Billboard published its first popular albums chart, at the time known as Best-Selling Popular Record Albums, in 1945. The chart was first published in the magazine dated March 24 and included ten positions, "based on reports received from more than 200 dealers" throughout the United States. In the 40 weeks that followed, eight albums by five different artists reached the top. (Note: Excluding the casts of Song of Norway and Carousel.)

The first number-one album on the chart was the King Cole Trio's self-titled debut released by Capitol.

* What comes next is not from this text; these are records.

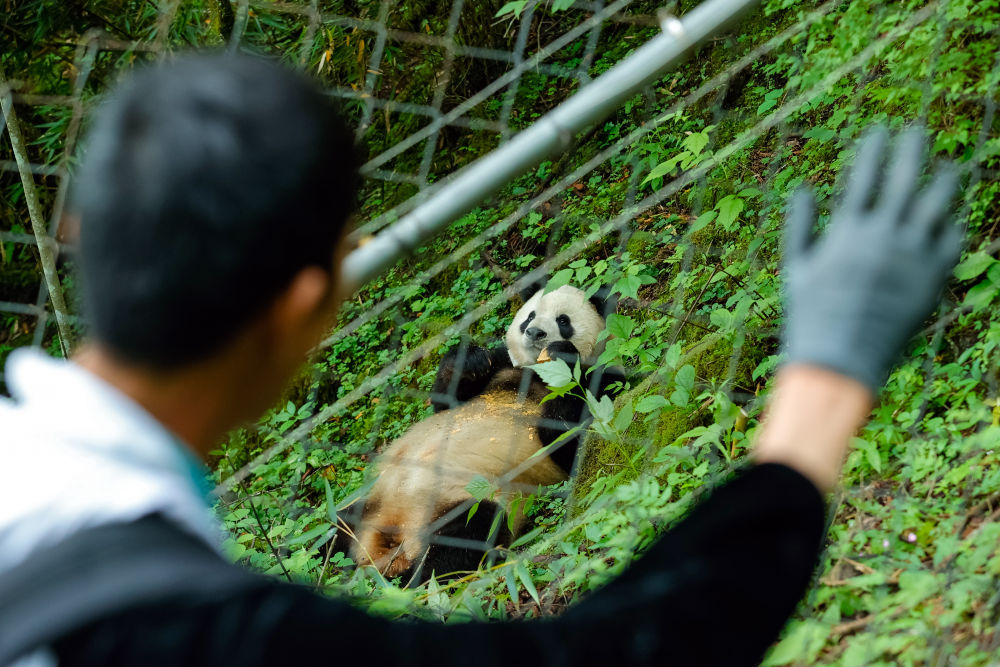 2024年6月24日,在位于大熊貓國家公園臥龍片區內天臺山的大熊貓第二階段野化培訓場外,工作人員給母熊貓“賢賢”投喂完食物后揮手向其告別。近年來,我國通過大力實施天然林保護、野生動植物保護和大熊貓國家公園建設等,保護大熊貓及其棲息地,成效顯著。大熊貓野外種群總量已從20世紀80年代的約1100只增長到近1900只。
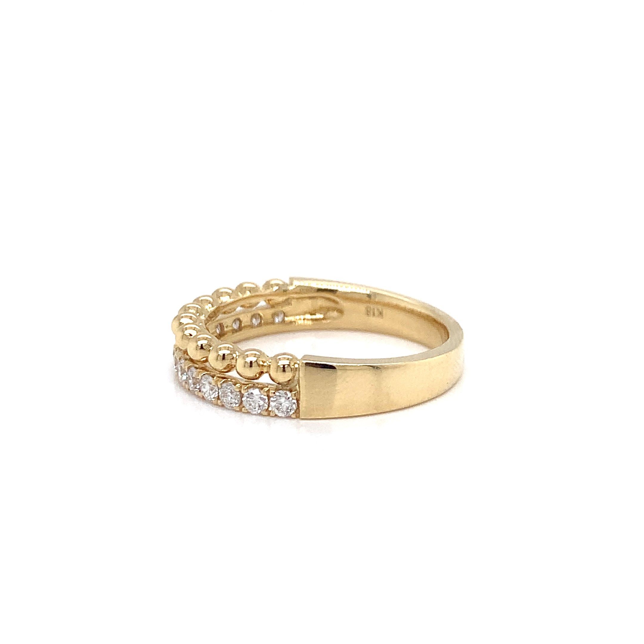 Introducing the Gatsby Grande. This ingeniously designed piece is set in 18kt yellow gold and features round diamonds totalling 0.36 carats, each stone carefully selected for brilliance. The playful two-in-one concept allows you to wear it as a statement ring or separate the bands for versatile styling options.
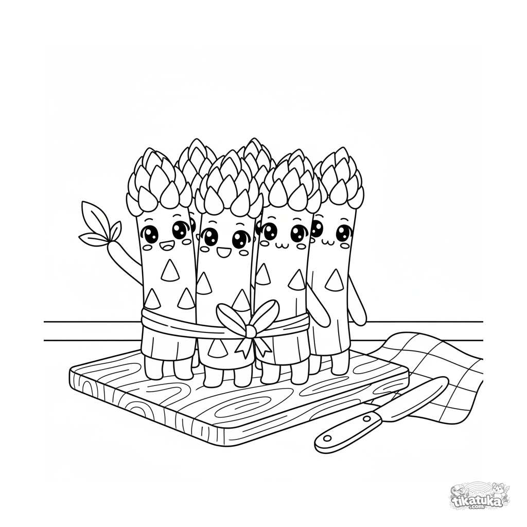 Coloring page for ages 4-6: a cheerful bunch of asparagus in chibi style with smiling faces on a cutting board. Cute and simple design.
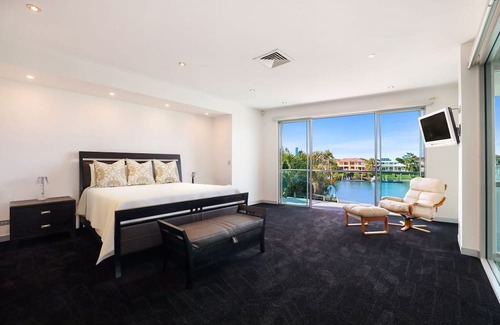 Prepare to be dazzled by the scale, style and quality of this magnificent multi-level mansion overlooking Main River on the prestigious Isle of Sorrento. Occupying a private 1,086m2 parcel at the end of a cul de sac, a secure gatehouse reveals a vast tiled forecourt that sets the stage for a timeless architectural design. A grand sense of scale is established on entry where 4.8m ceilings and extensive glazing shed natural light across living, dining and entertaining of generous proportions. A slender indoor pool finished in azure blue glass mosaic tiles is the central focal point of ground floor living, with a classy cocktail bar, formal dining and relaxed sitting on one side, and an entertainer's kitchen plus butlers pantry and casual dining on the other. A marble staircase leads to four generous bedrooms, including a grand master suite and a second bedroom with river to city skyline views. Guests can get comfortable in a supersized ground floor suite with private access, walk-in robe and ensuite. An observatory terrace captures spectacular view lines across the water to the city skyline where iconic buildings such as Q1 in Surfers Paradise turn to sparkling lights by night. Resort-style leisure plays out across a riverfront terrace with thatch Bali pavilions, tropical gardens, swimming pool with underwater stools, and a sauna inside. A pontoon caters for luxury cruisers while prestige vehicles are safely stored inside two garages.
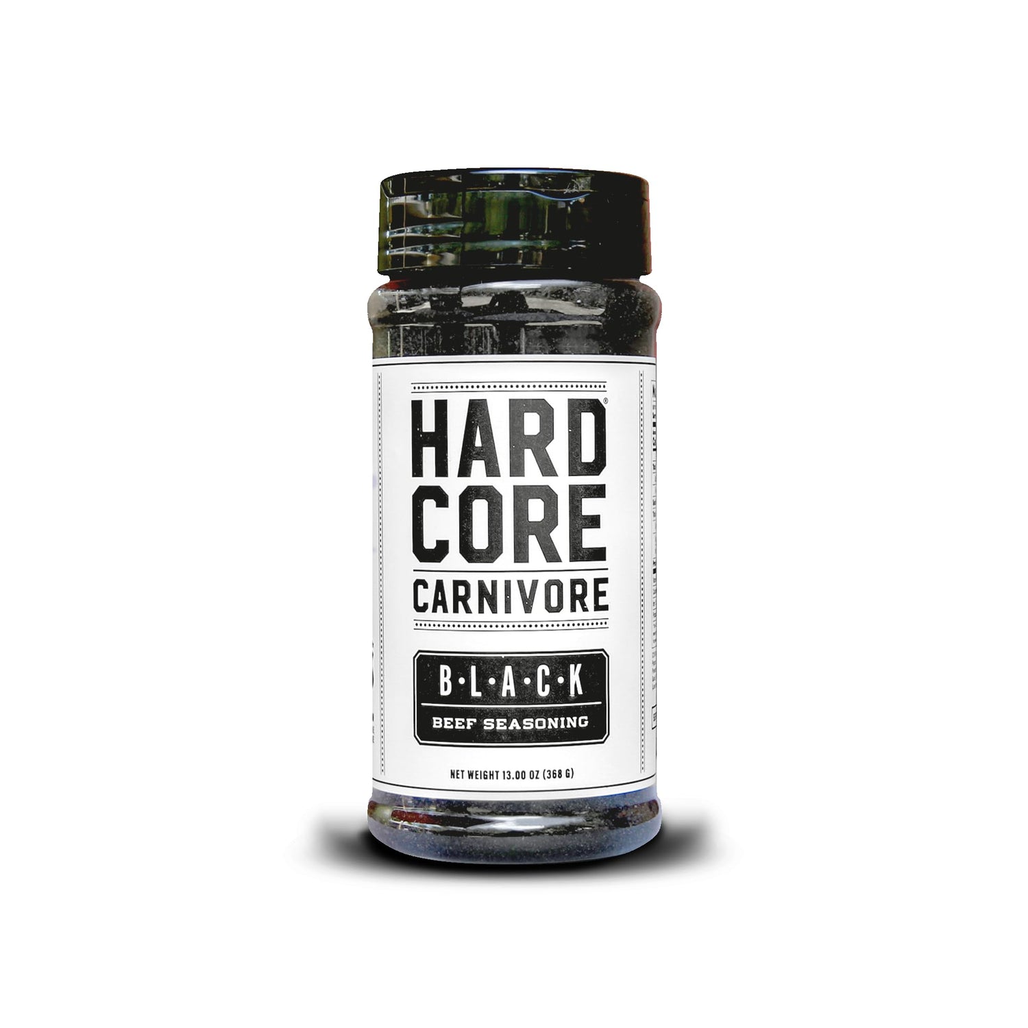 Hardcore Carnivore Black: charcoal seasoning for steak, beef and BBQ (Large Shaker)
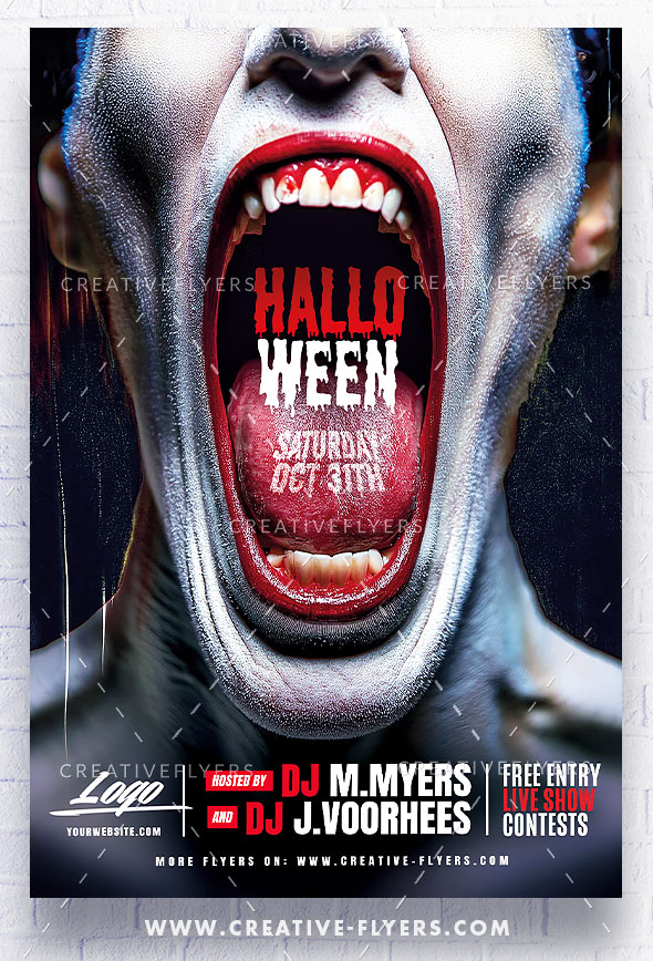 Halloween-themed event flyer with a dark and eerie design. The layout features a close-up of a person’s face with pale skin and an open mouth, creating a surreal and unsettling effect. The text ‘HALLOWEEN’ is prominently displayed in bold, red. The overall color scheme is dark with red and white accents, enhancing the spooky theme.
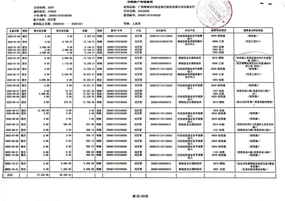 刘万军的银行流水上注明了“非在编人员”。图/刘万军提供

It topped the charts for three weeks until it was replaced by the soundtrack of Song of Norway, an operetta, written by Robert Wright and George Forrest. The soundtrack reached number one for one more week in May. Glenn Miller, a compilation album recorded by Glenn Miller and His Orchestra released posthumously by Victor, topped the charts for two weeks in May and later in summer for an additional six weeks. The album was certified gold 23 years after its release by the Recording Industry Association of America (RIAA) for shipments of 500,000 or more units.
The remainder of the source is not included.